Le consommateur, surtout en France, est habitué à une livraison à prix réduit et souvent gratuite.

Le consommateur sera donc réduit à se déplacer et porter ses courses alimentaires, comme à l’époque du commerce physique, faute de solution de livraison ?

Pour exister dans ce métier nouveau du commerce alimentaire, Amazon devra trouver des arguments nouveaux. En effet, l’argument du choix, du prix et de la simplicité de livraison ne sera pas nécessairement au rendez-vous.

Amazon sera confronté à une concurrence impitoyable, celle de la grande distribution alimentaire, qui dispose du réseau de magasins dont le rôle évolue vers le métier de point de retrait d’achats sur internet.

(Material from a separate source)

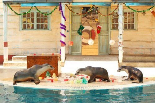 Рождественское угощение австралийских морских котиков, обитателей сиднейского зоопарка Таронга, Австралия.
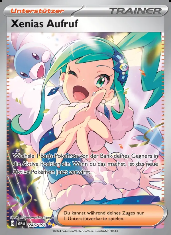 Wechsle 1 Basis-Pokémon von der Bank deines Gegners in die Aktive Position ein. Wenn du das machst, ist das neue Aktive Pokémon jetzt verwirrt.

Ces groupes disposent également, pour nombre d’entre eux, d’un réseau étendu de drives solos.

La grande distribution mettra en face d’Amazon Fresh des arguments de poids : son réseau, mais surtout sa puissance d’achat qui se met progressivement en place avec les concentrations en cours.

Amazon nous avait donc habitués à des modèles plus innovants que la création de drives.

Par exemple, celui de concurrencer la grande distribution en s’appuyant sur les commerces de proximité est très certainement un modèle plus acceptable et plus porteur d’innovation que de devenir un nouveau réseau de drives alimentaires alors même que le territoire français semble atteindre un niveau de saturation.

Amazon pourra trouver chez ces commerces de proximité l’offre de produits, mais aussi la solution de point de retrait, à l’image des points relais.

Amazon pourrait également modifier son image, en se transformant comme un soutien du commerce traditionnel, agir comme un soutien local de la vie de quartiers et pas un concurrent supplémentaire d’un secteur d’activité déjà bien mal portant.